There weren’t many points of agreement between the two contenders in the brutal 2016 presidential campaign, but the need to invest in infrastructure offered a rare moment of harmony.
That’s why we expect Congress to put forward a massive public works bill, an issue that should receive strong bipartisan support.
Since Election Day, the president-elect has renewed his commitment to this kind of investment, and his rhetorical focus has on building roads, bridges and airports, a 21st-century reprise of the massive interstate highway system project started during the Eisenhower administration.
That kind of investment is important, but the new administration should not stop there. It’s time for a real 21st-century infrastructure program: one that focuses on bringing high-speed, broadband internet to rural areas.
Reliable internet service is as important to economic development today as the highway system was in the 1950s. Connecting rural areas to the world creates business opportunities in places that have lost traditional jobs. More people move to areas that have high-speed internet capacity, and they often bring jobs with them.

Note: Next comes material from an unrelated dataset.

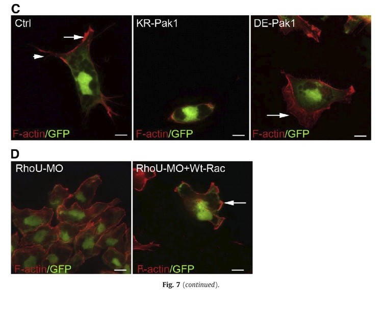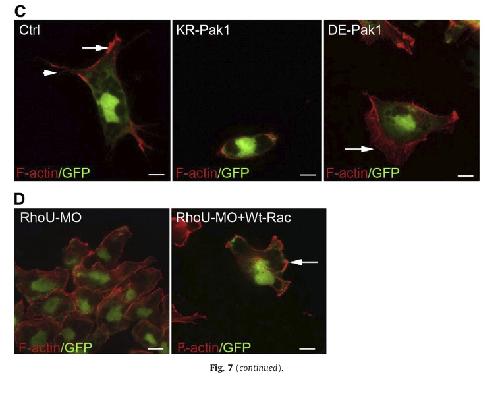 Fig. 7. RhoU controls CNC cell migration through PAK- and Rac-dependent pathways. (C) Analysis of CNC cell protrusions. CNC explants from embryos injected as in (A) were excised at stage 17 and plated on fibronectin-coated substrates. Staining for GFP (green) and F-actin (red) were merged. Arrows indicate lamellipodia and arrowheads filopodia. KR-PAK1 expressing cell shown is representative of 85% observed cells (n = 160). DE-PAK1 expressing cell shown is representative of 69% observed cells (n = 140). Bar, 10 μM. (D) Cells from RhoU-MO or RhoU-MO+ Wt-Rac1 mRNA-injected embryos. GFP (green) and F-actin (red) staining were merged. Arrows indicate lamellipodia. Co-injected cells shown are representative of 56% observed cells (n = 140). Bar, 10 μM. |
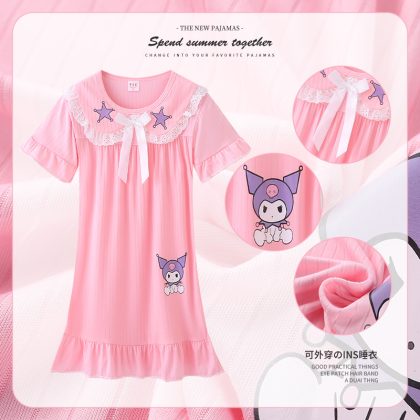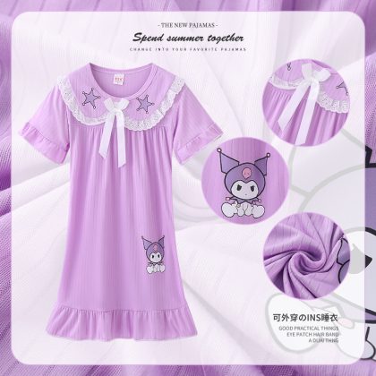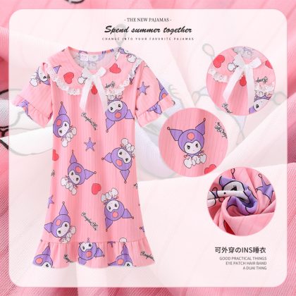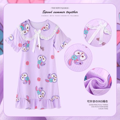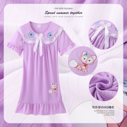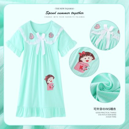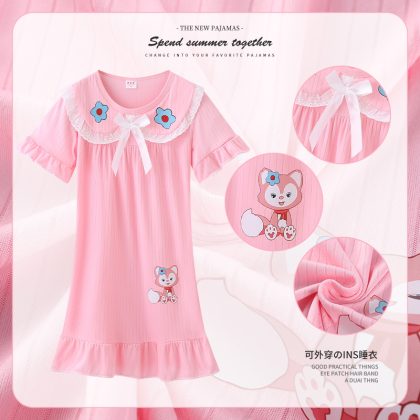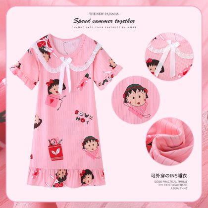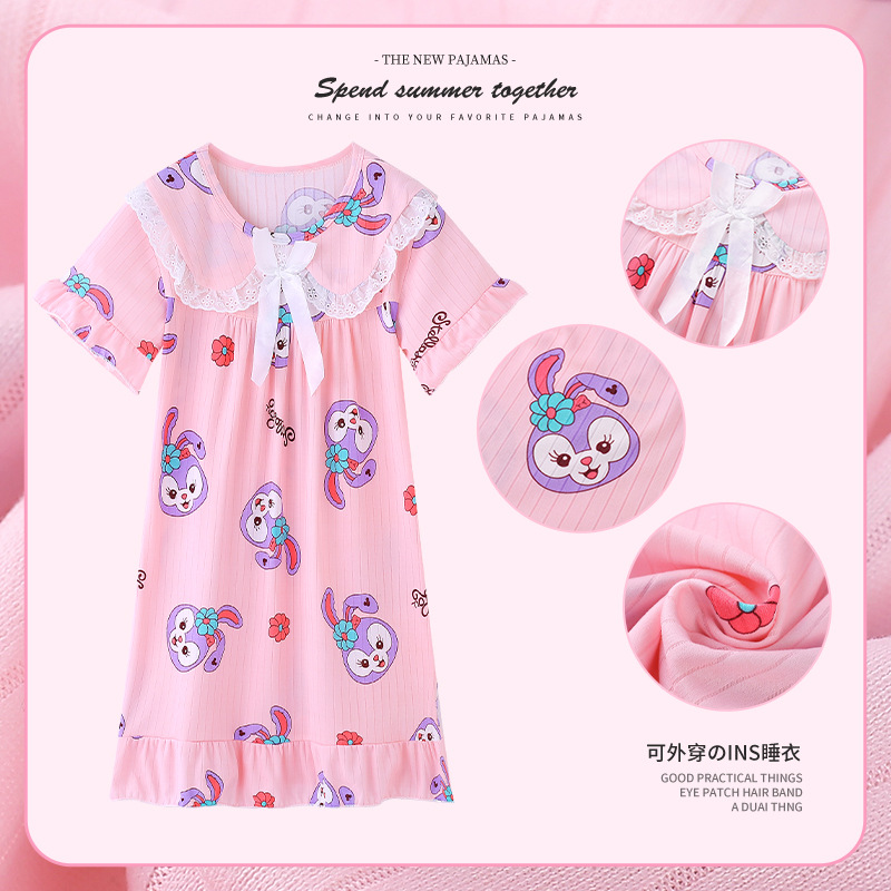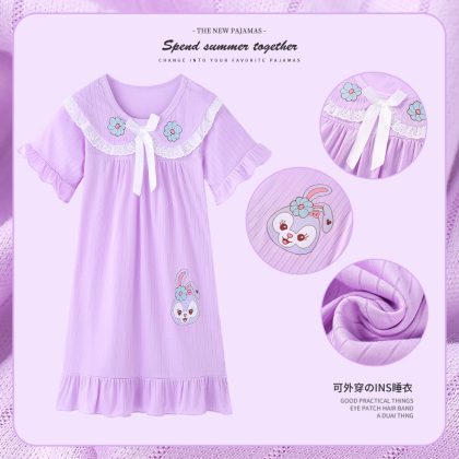 بيجامة أطفال صيفية بأكمام قصيرة فستان نوم للفتيات الصغيرات الرقيقة فستان الأميرة للأطفال متوسط ​​وكبير ملابس منزلية للأطفال

Broadband investment also provides more opportunities to start new businesses, and not just ones in “tech” fields. Retail, hospitality, agriculture, medicine and a wide range of other enterprises rely on their ability to share information quickly and dependably.
A strong commitment to rural infrastructure would bring the economic recovery into areas that have been left behind during the economic recovery that started in 2009. Places like rural Maine, which have been hard hit by a loss of manufacturing jobs, would benefit more from investment in high-speed internet in their towns than they would from expensive airport overhauls in New York or Boston.
Internet expansion has a proven impact on economic development. According to a study by the Information & Technology and Innovation Foundation, 250,000 jobs are created for every $5 billion in infrastructure development; with every percentage point increase in new broadband distribution, employment expands by 300,000 jobs.
Maine was the beneficiary of a major investment in broadband infrastructure with the 2012 construction of the Three Ring Binder, a 1,100-mile system of fiber optic cable that was built with a $25.4 million federal grant and $7 million in private investment. The project provides the core of a 10-gigabit network that serves 110,000 homes, but it passes by many more that don’t have the ability to connect.
“It’s like having a highway with no exit ramps,” said Maine Sen. Angus King, an advocate for rural broadband expansion. “We’ve got a tremendous backbone, but we need to solve the ‘last-mile’ problem.”
King, an independent, has assembled a bipartisan group of senators in the Senate Broadband Caucus, which is working to get places like rural Maine connected with the rest of the world. He says that there is no one solution for the problem, but there is a need for public investment and policies that encourage private entities to complete the system.
A major infrastructure program that does not put significant resources into rural broadband will not do for 21st-century America what the highway program did for this nation in the 20th.
King and his colleagues should keep pushing to let the whole country benefit from the economic opportunity that has been unleashed by the information revolution.